> [BRIEF] With the pictures left out, restate exactly the part below that opens with the line containing "ΠΑΥΛΟΣ ΕΙΣ ΒΟΗΘΕΙΑΝ" and closes with the line containing "Frente a la Catedral de la Almudena.".

> [DATASET RECORDS]

□ □ □

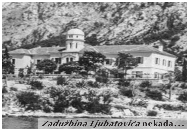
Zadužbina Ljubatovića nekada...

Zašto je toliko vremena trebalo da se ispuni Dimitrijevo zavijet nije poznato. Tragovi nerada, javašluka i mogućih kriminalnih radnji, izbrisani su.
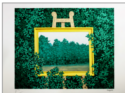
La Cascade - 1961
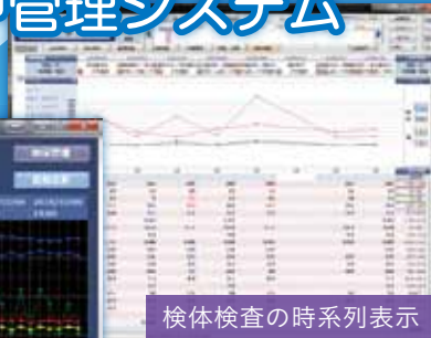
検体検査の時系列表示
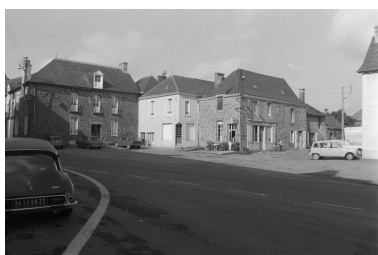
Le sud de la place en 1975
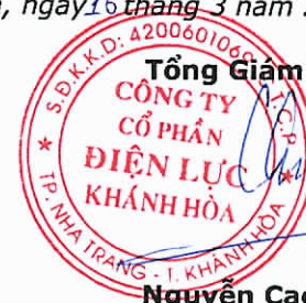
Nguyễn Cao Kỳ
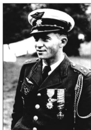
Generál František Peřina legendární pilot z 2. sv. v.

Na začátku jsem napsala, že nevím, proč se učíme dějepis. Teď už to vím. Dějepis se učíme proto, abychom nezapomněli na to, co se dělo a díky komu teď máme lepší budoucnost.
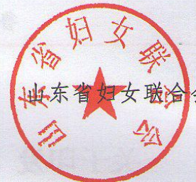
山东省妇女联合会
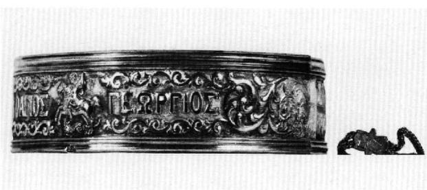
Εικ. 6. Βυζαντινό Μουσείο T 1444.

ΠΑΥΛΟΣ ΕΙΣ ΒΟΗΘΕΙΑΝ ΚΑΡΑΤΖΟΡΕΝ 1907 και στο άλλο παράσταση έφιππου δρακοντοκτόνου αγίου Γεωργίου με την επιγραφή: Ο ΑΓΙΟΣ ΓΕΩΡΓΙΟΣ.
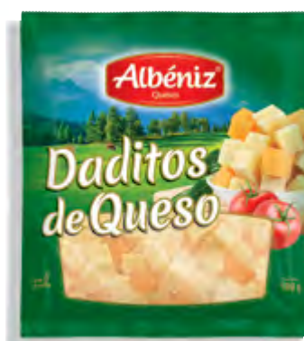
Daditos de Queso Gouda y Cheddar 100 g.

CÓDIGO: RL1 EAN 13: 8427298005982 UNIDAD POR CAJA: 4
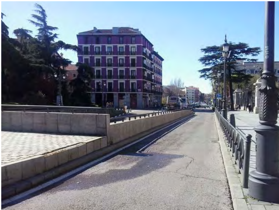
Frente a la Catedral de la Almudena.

□ □ □

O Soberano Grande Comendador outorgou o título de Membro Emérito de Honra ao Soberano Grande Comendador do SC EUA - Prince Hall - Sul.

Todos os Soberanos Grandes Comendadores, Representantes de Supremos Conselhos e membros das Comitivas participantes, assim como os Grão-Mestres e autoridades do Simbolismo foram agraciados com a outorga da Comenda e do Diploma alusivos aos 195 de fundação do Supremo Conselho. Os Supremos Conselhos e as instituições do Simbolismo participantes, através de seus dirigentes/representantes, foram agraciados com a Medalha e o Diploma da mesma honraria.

□ □ □

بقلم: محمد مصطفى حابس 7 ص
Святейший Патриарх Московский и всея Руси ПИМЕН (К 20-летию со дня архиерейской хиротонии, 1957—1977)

□ □ □

> [RESPONSE AREA]
ΠΑΥΛΟΣ ΕΙΣ ΒΟΗΘΕΙΑΝ ΚΑΡΑΤΖΟΡΕΝ 1907 και στο άλλο παράσταση έφιππου δρακοντοκτόνου αγίου Γεωργίου με την επιγραφή: Ο ΑΓΙΟΣ ΓΕΩΡΓΙΟΣ.
Daditos de Queso Gouda y Cheddar 100 g.

CÓDIGO: RL1 EAN 13: 8427298005982 UNIDAD POR CAJA: 4
Frente a la Catedral de la Almudena.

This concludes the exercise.